Same machinery, different features

All four maps share the same layout and ``df_feat`` schema — only the value source changed:

  • Sequence → interpretable AAontology categories (physicochemical signature).

  • Structure → DSSP channels (secondary structure / accessibility / geometry).

  • Embeddings → learned PLM channels (what the language model encodes).

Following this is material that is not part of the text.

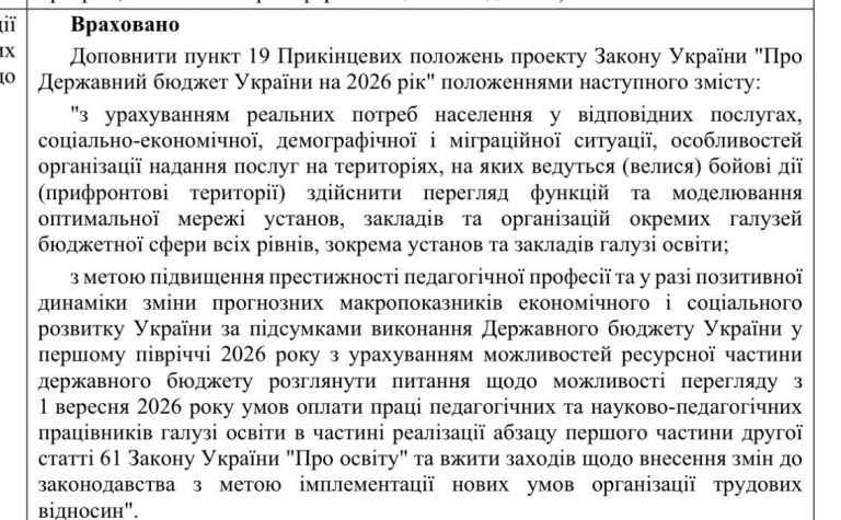 Сьогодні також вийшов пост народного депутата Ярослава Железняка, в якому він надав скан поправки до держбюджету та власний висновок, що обіцяного підвищення до трьох мінімальних зарплат педагогам середньої освіти не побачити з січня 2026 року: “До речі, ще про Уряд і Бюджет. А всі ж зрозуміли, що підвищення зарплат вчителям на 50% з січня не буде? Перегляд системи на “три мінімалки” теж. Отже депутати правку провели, але Уряд просто її відхилив….ну точніше написав, що “може колись у вересні”, але не факт….. А чому зрозуміли? Тому що гроші, які в тому числі мали йти на підвищення зарплат вчителям, підуть на Кешбек, “1000 Зеленського”, безкоштовне харчування для всіх, УЗ-3000 і інший популізм…. Тобто не тільки військовим в підвищенні зарплати відмовили, хоч мінімальної. А і нормально вчителям теж”.

  • Annotation → curated UniProt residue features (known biology).

Because they all produce the same df_feat, any of them feeds the same downstream tools — CPPPlot, TreeModel, AAclust.select_proteins, ShapModel. Pick the representation that matches the question; CPP turns each into an interpretable, position-aware feature set.